Biagio Russo è l’uomo che oggi meglio custodisce il valore autentico dell’eredità di Leonardo Sinisgalli.

Biagio Russo

Ne ha guidato come direttore la Fondazione per due mandati – da volontario, vale la pena sottolinearlo – dopo aver incrociato l’opera del genio lucano all’Università a Salerno, negli anni Novanta. Merito del professore Renato Aymone, che su Sinisgalli aveva basato un corso monografico. Fu una scoperta, in Basilicata non se ne parlava praticamente più. Poi gli studi, l’approfondimento, la ricerca di materiali. Nel 2010 non esisteva la Fondazione, non c’erano collaboratori, non c’erano spazi fisici. «Bisognava costruire ogni cosa e, soprattutto, dare credibilità al progetto. Da allora ogni passo è stato fatto nella direzione di quello che ci eravamo prefissati come obiettivo primario: ripubblicare Sinisgalli».

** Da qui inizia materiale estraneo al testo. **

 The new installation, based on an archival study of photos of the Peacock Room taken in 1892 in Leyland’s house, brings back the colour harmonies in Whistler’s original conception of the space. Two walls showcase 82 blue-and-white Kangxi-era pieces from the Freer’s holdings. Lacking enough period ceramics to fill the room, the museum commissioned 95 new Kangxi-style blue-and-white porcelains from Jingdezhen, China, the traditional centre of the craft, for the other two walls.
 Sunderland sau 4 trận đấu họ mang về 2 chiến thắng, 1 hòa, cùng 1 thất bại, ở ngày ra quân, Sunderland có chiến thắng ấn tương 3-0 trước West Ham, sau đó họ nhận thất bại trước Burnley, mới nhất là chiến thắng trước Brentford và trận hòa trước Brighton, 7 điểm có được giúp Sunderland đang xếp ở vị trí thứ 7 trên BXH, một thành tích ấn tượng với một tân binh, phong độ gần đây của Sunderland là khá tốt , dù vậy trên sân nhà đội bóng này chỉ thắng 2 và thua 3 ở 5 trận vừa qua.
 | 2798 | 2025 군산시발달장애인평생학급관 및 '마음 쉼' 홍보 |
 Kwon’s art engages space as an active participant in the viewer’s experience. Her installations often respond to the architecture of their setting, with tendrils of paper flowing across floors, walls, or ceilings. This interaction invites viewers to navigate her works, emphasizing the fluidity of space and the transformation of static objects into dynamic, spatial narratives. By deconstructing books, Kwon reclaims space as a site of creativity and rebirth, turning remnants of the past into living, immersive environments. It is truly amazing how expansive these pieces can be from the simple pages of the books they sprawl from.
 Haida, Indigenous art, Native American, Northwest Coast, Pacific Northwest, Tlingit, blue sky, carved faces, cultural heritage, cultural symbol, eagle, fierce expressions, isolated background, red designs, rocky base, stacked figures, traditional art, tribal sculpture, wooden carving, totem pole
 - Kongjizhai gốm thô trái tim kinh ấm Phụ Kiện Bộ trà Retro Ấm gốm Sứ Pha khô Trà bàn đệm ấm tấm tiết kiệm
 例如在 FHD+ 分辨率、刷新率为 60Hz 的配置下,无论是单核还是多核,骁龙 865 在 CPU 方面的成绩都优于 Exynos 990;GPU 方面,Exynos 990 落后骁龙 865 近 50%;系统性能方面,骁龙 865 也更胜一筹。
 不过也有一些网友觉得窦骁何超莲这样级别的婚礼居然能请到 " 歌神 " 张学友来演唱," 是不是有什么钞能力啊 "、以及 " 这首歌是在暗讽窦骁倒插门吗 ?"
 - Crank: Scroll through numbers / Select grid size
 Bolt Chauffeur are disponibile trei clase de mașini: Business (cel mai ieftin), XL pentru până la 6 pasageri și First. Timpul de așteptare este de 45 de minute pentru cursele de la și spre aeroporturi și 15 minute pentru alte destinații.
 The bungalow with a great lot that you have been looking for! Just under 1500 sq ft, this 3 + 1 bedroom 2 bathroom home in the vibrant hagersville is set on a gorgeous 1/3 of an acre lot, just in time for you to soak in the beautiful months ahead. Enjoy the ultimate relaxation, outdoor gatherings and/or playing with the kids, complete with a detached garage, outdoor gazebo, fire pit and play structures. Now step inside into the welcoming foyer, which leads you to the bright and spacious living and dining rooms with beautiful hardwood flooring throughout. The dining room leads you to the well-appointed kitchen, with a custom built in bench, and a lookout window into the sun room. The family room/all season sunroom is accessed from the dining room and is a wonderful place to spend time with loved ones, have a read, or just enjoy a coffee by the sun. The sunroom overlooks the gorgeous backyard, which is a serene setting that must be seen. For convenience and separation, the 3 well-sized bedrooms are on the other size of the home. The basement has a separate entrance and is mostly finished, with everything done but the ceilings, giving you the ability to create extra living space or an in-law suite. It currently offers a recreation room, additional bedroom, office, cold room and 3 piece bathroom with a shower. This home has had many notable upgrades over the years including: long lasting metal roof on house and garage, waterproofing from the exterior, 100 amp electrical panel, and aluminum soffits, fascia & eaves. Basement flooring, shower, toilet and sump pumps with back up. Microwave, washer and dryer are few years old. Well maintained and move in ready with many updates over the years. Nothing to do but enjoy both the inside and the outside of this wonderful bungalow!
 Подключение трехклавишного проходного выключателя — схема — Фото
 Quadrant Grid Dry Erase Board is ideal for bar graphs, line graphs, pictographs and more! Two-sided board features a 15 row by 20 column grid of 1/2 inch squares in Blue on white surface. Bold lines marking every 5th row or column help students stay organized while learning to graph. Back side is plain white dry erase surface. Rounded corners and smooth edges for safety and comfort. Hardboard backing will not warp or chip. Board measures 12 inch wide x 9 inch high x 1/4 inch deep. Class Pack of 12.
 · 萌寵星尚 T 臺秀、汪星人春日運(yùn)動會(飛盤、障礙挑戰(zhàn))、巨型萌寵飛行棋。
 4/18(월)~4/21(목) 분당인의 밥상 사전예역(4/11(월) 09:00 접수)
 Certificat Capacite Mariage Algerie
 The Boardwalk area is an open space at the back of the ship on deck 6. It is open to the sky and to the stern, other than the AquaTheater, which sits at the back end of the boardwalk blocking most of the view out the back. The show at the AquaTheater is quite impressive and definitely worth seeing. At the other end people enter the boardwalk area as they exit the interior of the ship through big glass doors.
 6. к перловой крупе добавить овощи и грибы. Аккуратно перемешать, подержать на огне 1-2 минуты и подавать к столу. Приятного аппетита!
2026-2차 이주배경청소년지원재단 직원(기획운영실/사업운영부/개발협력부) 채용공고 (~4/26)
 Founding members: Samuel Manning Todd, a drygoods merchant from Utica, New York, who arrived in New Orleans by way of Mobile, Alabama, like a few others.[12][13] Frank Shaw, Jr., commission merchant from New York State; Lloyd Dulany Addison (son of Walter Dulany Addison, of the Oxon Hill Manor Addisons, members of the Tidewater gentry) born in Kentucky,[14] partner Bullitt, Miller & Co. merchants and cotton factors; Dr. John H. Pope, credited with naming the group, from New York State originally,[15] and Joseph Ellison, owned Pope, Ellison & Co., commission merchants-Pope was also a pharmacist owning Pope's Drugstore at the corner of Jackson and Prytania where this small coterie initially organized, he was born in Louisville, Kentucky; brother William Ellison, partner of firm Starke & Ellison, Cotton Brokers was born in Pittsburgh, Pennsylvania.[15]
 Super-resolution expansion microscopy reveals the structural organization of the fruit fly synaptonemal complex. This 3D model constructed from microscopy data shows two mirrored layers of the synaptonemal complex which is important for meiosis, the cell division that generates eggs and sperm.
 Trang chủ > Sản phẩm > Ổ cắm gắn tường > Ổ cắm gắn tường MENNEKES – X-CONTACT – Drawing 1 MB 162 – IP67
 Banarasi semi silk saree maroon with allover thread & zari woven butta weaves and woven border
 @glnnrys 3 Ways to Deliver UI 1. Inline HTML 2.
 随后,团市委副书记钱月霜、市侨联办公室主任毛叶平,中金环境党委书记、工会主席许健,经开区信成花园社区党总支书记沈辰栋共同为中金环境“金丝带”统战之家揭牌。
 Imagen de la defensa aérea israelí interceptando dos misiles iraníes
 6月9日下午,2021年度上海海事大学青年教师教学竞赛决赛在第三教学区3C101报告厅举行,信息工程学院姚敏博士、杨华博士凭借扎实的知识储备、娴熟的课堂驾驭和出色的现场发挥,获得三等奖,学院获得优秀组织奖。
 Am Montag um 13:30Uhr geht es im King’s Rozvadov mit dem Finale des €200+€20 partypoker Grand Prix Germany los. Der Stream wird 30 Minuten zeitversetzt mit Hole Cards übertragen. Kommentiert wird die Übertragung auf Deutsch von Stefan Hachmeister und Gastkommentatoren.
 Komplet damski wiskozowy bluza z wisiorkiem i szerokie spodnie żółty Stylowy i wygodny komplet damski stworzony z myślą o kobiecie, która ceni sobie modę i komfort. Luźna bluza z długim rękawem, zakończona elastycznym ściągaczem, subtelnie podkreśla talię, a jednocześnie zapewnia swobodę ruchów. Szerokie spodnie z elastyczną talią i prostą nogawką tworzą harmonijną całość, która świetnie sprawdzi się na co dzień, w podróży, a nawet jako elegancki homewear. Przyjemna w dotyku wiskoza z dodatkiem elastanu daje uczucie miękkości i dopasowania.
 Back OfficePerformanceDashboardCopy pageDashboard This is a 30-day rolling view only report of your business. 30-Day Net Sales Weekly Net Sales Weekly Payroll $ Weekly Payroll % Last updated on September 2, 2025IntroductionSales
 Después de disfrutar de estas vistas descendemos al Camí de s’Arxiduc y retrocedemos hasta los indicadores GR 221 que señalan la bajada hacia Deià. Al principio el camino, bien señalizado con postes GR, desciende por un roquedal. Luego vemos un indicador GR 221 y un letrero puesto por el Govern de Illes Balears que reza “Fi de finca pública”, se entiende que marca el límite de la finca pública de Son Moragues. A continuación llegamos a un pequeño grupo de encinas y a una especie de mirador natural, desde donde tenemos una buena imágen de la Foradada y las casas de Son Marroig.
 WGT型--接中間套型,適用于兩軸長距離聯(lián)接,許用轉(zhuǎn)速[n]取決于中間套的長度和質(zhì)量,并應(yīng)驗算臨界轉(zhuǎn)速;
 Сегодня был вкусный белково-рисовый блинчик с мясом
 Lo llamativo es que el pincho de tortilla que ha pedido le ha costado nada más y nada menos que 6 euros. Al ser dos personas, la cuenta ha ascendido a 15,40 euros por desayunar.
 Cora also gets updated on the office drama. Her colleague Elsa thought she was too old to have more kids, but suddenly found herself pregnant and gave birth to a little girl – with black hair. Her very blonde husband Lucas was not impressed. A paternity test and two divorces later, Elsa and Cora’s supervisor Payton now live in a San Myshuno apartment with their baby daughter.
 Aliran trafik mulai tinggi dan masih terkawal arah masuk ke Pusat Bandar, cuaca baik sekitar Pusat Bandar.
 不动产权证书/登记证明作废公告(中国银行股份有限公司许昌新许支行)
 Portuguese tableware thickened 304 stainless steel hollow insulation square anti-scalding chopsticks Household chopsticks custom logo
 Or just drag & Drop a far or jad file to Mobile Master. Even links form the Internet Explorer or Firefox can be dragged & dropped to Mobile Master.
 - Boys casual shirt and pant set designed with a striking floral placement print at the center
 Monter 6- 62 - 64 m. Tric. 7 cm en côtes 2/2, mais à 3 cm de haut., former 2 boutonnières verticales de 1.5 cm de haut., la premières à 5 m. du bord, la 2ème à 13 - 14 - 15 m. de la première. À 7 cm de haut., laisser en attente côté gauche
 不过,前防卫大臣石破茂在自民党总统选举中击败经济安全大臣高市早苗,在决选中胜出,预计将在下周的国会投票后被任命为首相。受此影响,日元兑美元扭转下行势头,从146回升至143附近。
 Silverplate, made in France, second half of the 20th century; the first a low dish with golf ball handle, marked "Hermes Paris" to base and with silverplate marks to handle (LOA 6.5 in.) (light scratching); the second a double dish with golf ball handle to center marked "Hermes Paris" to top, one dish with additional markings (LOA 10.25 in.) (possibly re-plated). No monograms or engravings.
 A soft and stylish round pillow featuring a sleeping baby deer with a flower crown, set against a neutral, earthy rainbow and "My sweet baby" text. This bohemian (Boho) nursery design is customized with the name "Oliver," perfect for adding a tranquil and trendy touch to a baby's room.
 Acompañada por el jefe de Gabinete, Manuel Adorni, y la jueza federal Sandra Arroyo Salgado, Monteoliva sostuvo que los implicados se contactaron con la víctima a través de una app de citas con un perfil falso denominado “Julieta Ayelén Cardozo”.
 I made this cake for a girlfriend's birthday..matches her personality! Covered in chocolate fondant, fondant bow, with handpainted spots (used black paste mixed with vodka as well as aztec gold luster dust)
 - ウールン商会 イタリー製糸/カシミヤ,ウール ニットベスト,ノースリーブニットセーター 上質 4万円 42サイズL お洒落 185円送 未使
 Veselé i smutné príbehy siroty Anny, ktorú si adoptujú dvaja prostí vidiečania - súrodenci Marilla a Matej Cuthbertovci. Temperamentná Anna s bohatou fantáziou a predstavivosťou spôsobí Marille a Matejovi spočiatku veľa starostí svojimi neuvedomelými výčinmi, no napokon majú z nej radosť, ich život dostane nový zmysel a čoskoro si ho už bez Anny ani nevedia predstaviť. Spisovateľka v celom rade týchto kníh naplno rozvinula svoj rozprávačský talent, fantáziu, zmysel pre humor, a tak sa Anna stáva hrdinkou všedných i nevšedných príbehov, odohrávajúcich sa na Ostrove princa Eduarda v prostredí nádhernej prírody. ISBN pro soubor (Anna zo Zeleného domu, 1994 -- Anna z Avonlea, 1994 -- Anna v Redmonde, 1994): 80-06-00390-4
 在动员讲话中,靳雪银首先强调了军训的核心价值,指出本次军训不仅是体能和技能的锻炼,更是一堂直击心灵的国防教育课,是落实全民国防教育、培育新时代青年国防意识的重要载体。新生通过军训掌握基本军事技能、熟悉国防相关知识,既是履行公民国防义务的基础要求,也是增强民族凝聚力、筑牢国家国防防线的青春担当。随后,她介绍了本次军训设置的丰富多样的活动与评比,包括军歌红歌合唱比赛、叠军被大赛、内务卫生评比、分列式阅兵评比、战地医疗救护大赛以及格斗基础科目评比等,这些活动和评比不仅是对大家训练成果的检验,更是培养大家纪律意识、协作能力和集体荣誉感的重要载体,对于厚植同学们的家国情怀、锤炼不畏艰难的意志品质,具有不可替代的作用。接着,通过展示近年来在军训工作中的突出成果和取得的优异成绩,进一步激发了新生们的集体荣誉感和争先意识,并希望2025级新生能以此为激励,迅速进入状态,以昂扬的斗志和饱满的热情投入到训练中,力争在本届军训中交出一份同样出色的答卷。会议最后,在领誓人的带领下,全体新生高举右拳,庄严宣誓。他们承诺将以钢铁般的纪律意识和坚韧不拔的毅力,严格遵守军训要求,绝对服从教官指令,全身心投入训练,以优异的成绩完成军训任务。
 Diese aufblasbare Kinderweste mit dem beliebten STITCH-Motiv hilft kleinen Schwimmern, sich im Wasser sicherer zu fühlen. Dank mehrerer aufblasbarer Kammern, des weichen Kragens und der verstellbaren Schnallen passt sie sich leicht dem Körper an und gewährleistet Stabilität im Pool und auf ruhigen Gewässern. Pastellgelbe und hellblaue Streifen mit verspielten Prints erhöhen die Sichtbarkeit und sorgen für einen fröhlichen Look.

Il prossimo 2 luglio verrà nominato il nuovo consiglio di amministrazione della Fondazione Sinisgalli, che dovrà fronteggiare un’eredità importante.

Solo negli ultimi cinque anni la Fondazione – di cui sono soci fondatori la Regione, la Provincia e il Comune di Montemurro, con l’Unibas come socio sostenitore – ha collezionato 15 mostre, 500 incontri pubblici, 333 ospiti, 15 pubblicazioni. Comprese le prestigiose ristampe con Mondadori.

Di Sinisgalli, nel mercato editoriale, non v’era più traccia. Un riconoscimento tardivo?

Da oltre quarant’anni non veniva ristampato, non era presente nelle scuole né sugli scaffali. Ripubblicare le Poesie, i Racconti e il Furor Mathematicus è stato l’apogeo del percorso. Un risultato raggiunto grazie all’erede che ha concesso i diritti, alla BCC di Basilicata che ha assegnato un finanziamento importante e grazie a chi in Mondadori ci ha creduto, tra tutti Luigi Belmonte, responsabile dei Classici, ed Elisabetta Risari, responsabile della Poesia del 900.

Sembra che la ripubblicazione sia arrivata in un momento adatto, in cui siamo tornati a discutere di connubio tra scienza e tecnica.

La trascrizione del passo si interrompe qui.